I was pleased to be offered the opportunity to comment on this preprint, having been excited by its initial release. The manuscript is very well-written, and I am convinced that slendr succeeds at what it sets out to achieve; principally improving accessibility to complex population genetic modelling. The target audience for slendr is molecular ecologists, who as the manuscript highlights are often familiar with R as opposed to python, bash and in particular Eidos (the bespoke SLiM language). The package also provides a range of general functions for interacting with tree-sequencing outputs within the R environment that will likely have widespread interest for anyone using SLiM and/or msprime. I am confident that slendr represents an important addition to the ever-expanding SLiM/msprime ecosystem, and it is reassuring to see that this manuscript is co-authored by the developers of SLiM and msprime. In general, I found the manuscript did an excellent job in justifying the case for slendr and documenting and demonstrating its functionality. I have a few minor comments that I hope the authors find insightful, but otherwise commend their excellent work and look forward to making use of slendr in the future.

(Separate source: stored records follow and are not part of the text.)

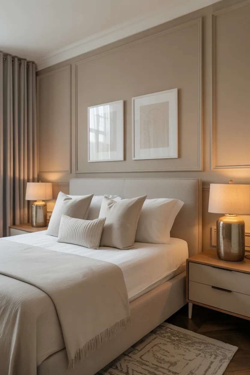 I like light taupe with white bedding, textured pillows, and warm bedside lighting. It creates a very polished and restful atmosphere. If you want a bedroom that looks elegant but still relaxed, this one does the job really well.
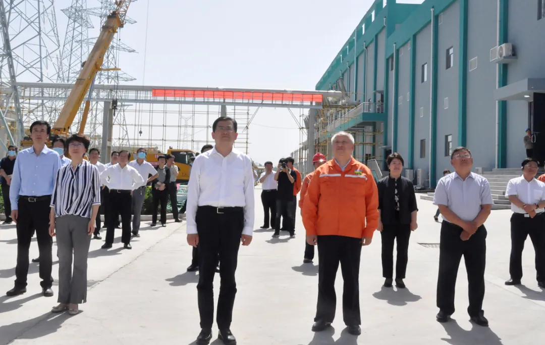 在魯西集團輸變電工程項目建設現場,聽取了集團黨委書記、董事長張金成關于輸變電工程項目建設情況、集團去年的運營指標、今年1-5月份的生產運營情況、重點任務的完成情況以及與中化的合作情況匯報。
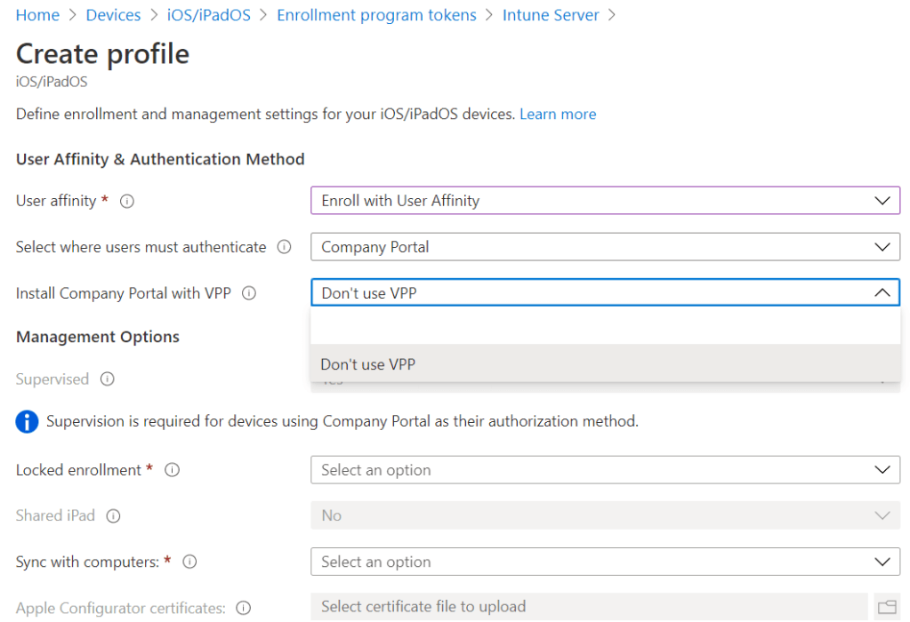 Working with a customer last week, I realized that we were not able to push Company Portal app on supervised devices when creating the profile, the token was not present on the “Install Company Portal with VPP” option even though it was previously configured in the tenant.

Coming from the perspective of someone who has worked with SLiM in the past, something that I felt could have been expanded on in the manuscript was a more explicit discussion of functionality that is not available. The manuscript does a good job of explaining functionality that is available, which for those with limited experience of simulation is useful, however at times I was unsure of whether simulations I’ve run in the past would be possible with slendr. For example, defining mutation types, genome element types, recombination landscapes in the initiate phase, or defining fitness and mating callbacks. It might be interesting to know which of SLiM’s recipes are reproducible in the slendr framework to further provide a sense of what is and isn’t possible for those who have worked with SLiM previously. Expanding on these would be beneficial for those readers who wish to take advantage of slendr’s more general functionality, i.e. improved reproducibility, whole analyses contained within R, interacting with tskit etc.

Related to the above, my take-away from the manuscript was that the absence of mutation types and fitness callbacks limits slendr to simulating neutral models (with the exception of fitness through competition). If this is the case it may be worth mentioning briefly at some point in the discussion.

I was curious whether there were any be benchmarking issues incurred as a result of running slim simulations through slendr as opposed to as standard on the command-line. Does it scale similarly as users increase pop size, mutation/recombination rate? In addition to this, does the slendr framework lend itself to running simulations in parallel across multiple CPU, or would this be handled with general R parallelisation e.g. running models within doParallel or similar?

Why would a pre-requisite to spatial raster models have to necessarily involve non-WF functionality (line 659)? Presumably a WF-model that could describe the expected spatial population structure observed when a WF population’s dispersal or mating is limited by local environment would be useful for various applications of interest to molecular ecologists, including connectivity for example. I should add that this section (line 653-671) does a good job overall of highlighting future applications.